The decisions come as a blow to AAJA, which has been planning for a high-profile presidential town hall meeting aimed at the Asian American community with APIAVote, a nonpartisan group that mobilizes Asian Americans to vote. And it underscores how the messy divorce of the nation’s minority journalism groups from UNITY has arguably left some of its former members weaker than before.
“The potential for strength is so much greater when you have a united house and this house was divided,” said Joe Grimm, a former recruiter for the Detroit Free Press who attended every UNITY convention. “It’s so powerful when Asian journalists speak up for black journalists, speak up for Hispanic journalists, (and) speak up for gay journalists.”
After NABJ left in 2011, UNITY: Journalists of Color invited NLGJA to join the coalition and changed its name to UNITY: Journalists for Diversity. In 2013, NAHJ — the second largest coalition group — left.
The dissolution of the original coalition caused pain and anger among some of those who were with UNITY at its start.
“It’s not mine,” said Will Sutton, a cofounder of UNITY and a former NABJ president. “My intention and desire was to have journalists of color.”

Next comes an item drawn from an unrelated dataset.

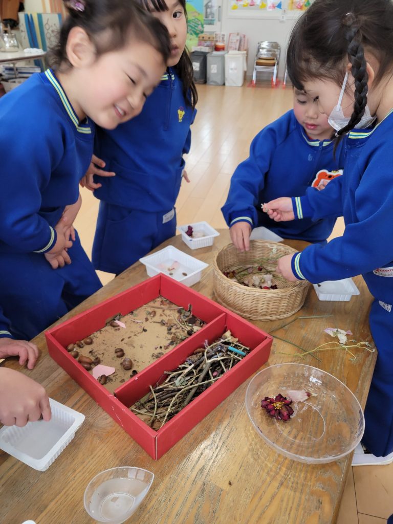 お正月遊びとは変わりますが、皆様たくさんのリサイクル材のご協力ありがとうございました!子ども達は毎日工作遊びを楽しんでいます。

Sutton and fellow reporter Juan Gonzalez came up with the idea of UNITY: Journalists of Color in the 1980s when they were both covering city hall in Philadelphia. The two were competitors in journalism but friends. Through informal and formal meetings, the two bridged the gap between NABJ and NAHJ.
Several years later, UNITY held its first conference in 1994, with more than 6,000 attendees and four minority journalists associations represented: NABJ, NAHJ, AAJA and NAJA.

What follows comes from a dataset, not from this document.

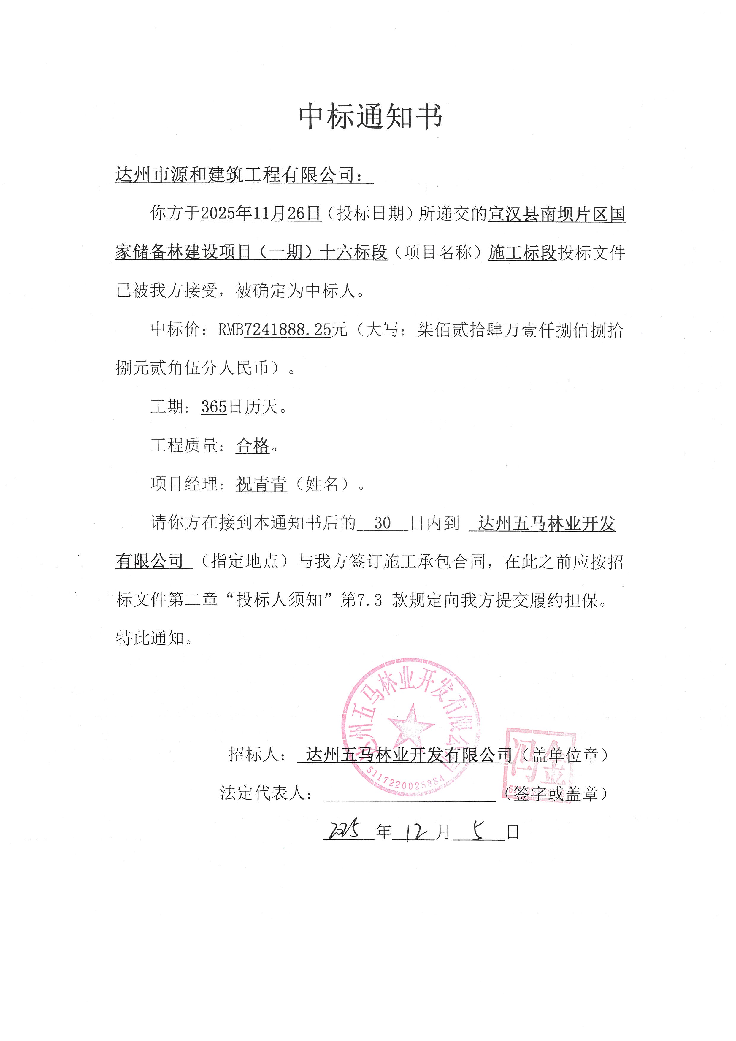 宣汉县南坝片区国家储备林建设项目(一期)十六标段/施工中标结果公告

The sheer size of the group pushed media companies to recognize the importance of diversifying their staffs and increasing coverage of ethnic communities. It also made it easier for recruiters to meet talented non-white reporters in one central location.
UNITY continued to hold three more conferences, but the group fell apart after NABJ wanted a larger cut of the revenue. NABJ said it brought more than 50 percent of the attendees at the 2008 convention, yet received just 25 percent of the revenue based on the coalition’s model.
“We weren’t getting our fair share,” said Gregory Lee, NABJ treasurer at the time.
UNITY held one more convention with AAJA, NAJA, NAHJ and NLGJA in 2012, before shifting to smaller regional summits, said President Russell Contreras. A UNITY summit in Phoenix this year drew about 100 people.
The 2012 convention brought just $69,203 in net proceeds to AAJA, 61 percent less revenue than the 2008 convention when NABJ was part of the coalition.
But AAJA’s President Paul Cheung said his group hasn’t experienced a loss of influence with the changes in UNITY’s structure. Bringing presidential candidates to AAJA’s town hall for the AAPI community depended mainly on timing and location, Cheung said.
“I don’t think we lost out on anything,” he said.
There may be hope for a future UNITY convention. NAHJ President Mekahlo Medina said he would consider a joint conference if the revenue model was reworked to be more equitable. He said this year’s NAHJ and NABJ joint conference had a “proportional” revenue split, but didn’t provide details.
“If it’s going to cost you money, it doesn’t make sense,” Medina said.
Medina was just a high school student when he went to his first UNITY conference in 1994 and it had a powerful impact.
“It was the first time I felt such a massive representation of journalists of color doing what I wanted to do,” he said.